La vie plus forte que la mort, Haïti

Dès les premiers jours, la mort de milliers d’Haïtiens, nous l’avons vue sur nos écrans de télévision. Des journalistes au cœur sensible, tels Jean-François Bélanger, Emmanuelle Latraverse, Céline Galipeau et tant d’autres ont présenté l’horreur avec un respect teinté d’une grande tristesse.

Immédiatement, la communauté internationale est intervenue. Rendre l’aéroport opérationnel afin que chaque avion ait une fenêtre d’atterrissage, cela témoigne d’une savoir-faire exceptionnel.

Assister un pays complètement dévasté par un tremblement de terre, aucun groupe n’avait été formé à relever un tel défi. Bien sûr, on ne dégage pas les routes encombrées de gravats en une semaine quand on n’a, au départ, ni grue ni bélier mécanique, mais cela est venu.


Nourrir des millions de personnes affamées, cela demande une discipline que seul un grand nombre de militaires pouvait assurer. Ce fut fait. Mais il a fallu être pratique et sûrement plusieurs aidants ont dû faire preuve d’abnégation dans le but de sauver des vies. Il est en effet difficile dans une entreprise de cette ampleur de ménager toutes les susceptibilités. Ce sont les plus forts qui ont commandé. Comment le leur reprocher?

Maintenant, où en sommes-nous? Le regard se fait plus critique et les reportages plus incisifs. Le tremblement de terre du 12 janvier 2010 lève le voile sur une fracture que M. Jean-Marie Théorat appellera le gouffre qui sépare, depuis deux siècles, le peuple de l’élite1. On découvre alors que, dans ce pays, il y a des esclaves noirs, surtout des enfants sur lesquels les maîtres qu’ils servent ont plein pouvoir. Il est évident que ces enfants n’ont pas droit à la scolarisation, ils sont battus et doivent travailler de longues heures sans réclamer quoi que ce soit. Mal nourris, mal habillés, ils sont présentement abandonnés.

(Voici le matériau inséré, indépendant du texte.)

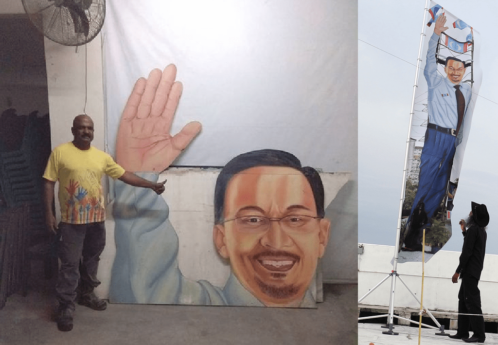Sponsor R Viriya with a section of his giant Anwar Ibrahim hoarding when it was down between Wisma Keringat (2008) and Dewan Orang Ramai, Kg Indian Settlement (2018) installations. This image of Anwar is represented in my SUPERSTAR flag which was presented at the Pokok Pauh Janggi exhibition (part of the Koboi Project) at the Kapallorek Artspace in Bandar Seri Iskandar, Perak. Pokok Pauh Janggi runs from 5th Aug – 30th Sept 2023
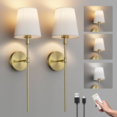 Aipsun 2 PCS 5500mAh Applique murale à piles avec abat-jour en tissu blanc,dimmable,Appliques murales sans fil avec télécommande,pour chambre à coucher,salle de bain,salon(Doré)
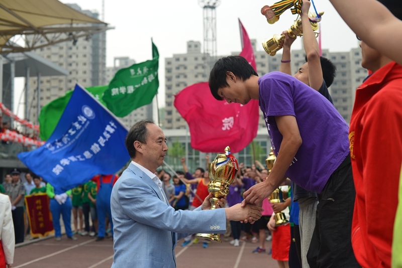 在閉幕式講話中,盧思鋒副書記指出,本屆運動會在全體師生和各有關部門共同努力下取得了圓滿成功,其中,與往年相比第一次冒雨參賽,更加體現了運動員的體育運動精神和裁判員的公平公正;第一次使用了由藝傳學院學生設計的獎牌,第一次使用了電子計時器和航拍的手段等,在創意、技術手段等方面開創先河。盧思鋒對全體參賽運動員、參與開幕式表演的全體學生和千名教職工表演廣播操,帶頭踐行體育精神提出表揚,并感謝所有為運動會的組織、裁判和競賽做出貢獻的工作人員和和服務保障人員。他特別提到,在師生的努力籌備、積極訓練下,全體大一女生在我校歷史上第一次實現了千人熱力操的表演,在體能、體質和意志上得到了鍛煉;心理素質表演中五百多名學生自編自導的竹竿舞、五環繩圈表演等節目表演都非常精彩,具有獨創性,將舞蹈和體育精神融合,展現了大學生團結進取的精神風貌。盧思鋒提出,希望同學們堅持積極開展體育鍛煉,增強身體素質,德智體美全面發展;希望在不久的將來實現與外國學生同場競技的設想,把北京工商大學的運動會辦得更加高端化、國際化;希望同學們共同努力,努力學習、各展所長。
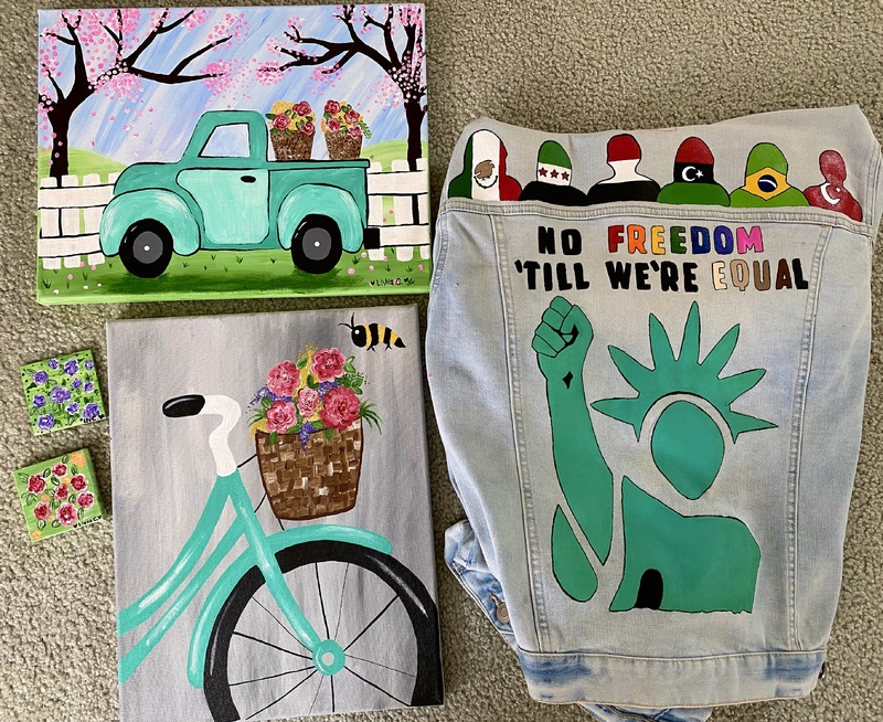 I am posting this photo because it showcases how I have spent a lot of my time during the pandemic. This photo displays every painting I have created since the beginning of quarantine. Some of the works shown in the picture are still works in progress and others are completed. Before Covid prevailed and we were sent home in the spring, I had lost interest in painting and had not painted in months. The lockdown that Covid brought on allowed me to slow down and rekindle the love and creativity I had for painting. In this photo, there are 14 paintings, however, I have made more and gave them to friends as gifts. I mainly work with acrylic paint on canvas because I like vibrant color and solid lines, although, I would like to start experimenting with oil paints soon. Covid-19 brought on many obstacles to a lot of people but I am grateful that I was allowed to reconnect with painting

Un journaliste de La Presse, Patrick Lagacé, excédé par la susceptibilité de l’élite, dénonce l’incurie du président. Il demande pourquoi les divers intervenants acceptent de ménager à ce point une autorité incompétente. D’autres amis d’Haïti, présents à la Conférence du premier ministre Bellerive à la rencontre de Montréal, demandent qu’il n’y ait pas d’élections bidons. La crainte est fondée : la dispersion des forces des véritables leaders de l’opposition favoriserait l’élection du président actuel qui n’a pas su relever le défi d’instaurer une véritable démocratie en Haïti, qui n’a pas su endiguer la corruption qui gangrène le pays tout entier.

La dette d'Haïti est remise, les forces vives d’Haïti sauront-elles s’unifier; point n’est besoin d’un empereur, il faut plutôt des rassembleurs mais aussi des visionnaires au grand cœur. Comme se le demande Michaëlle Jean : …serait-il possible de faire de cette épreuve inhumaine l’occasion d’une renaissance, d’un mouvement irrépressible vers un présent plus digne et un avenir meilleur?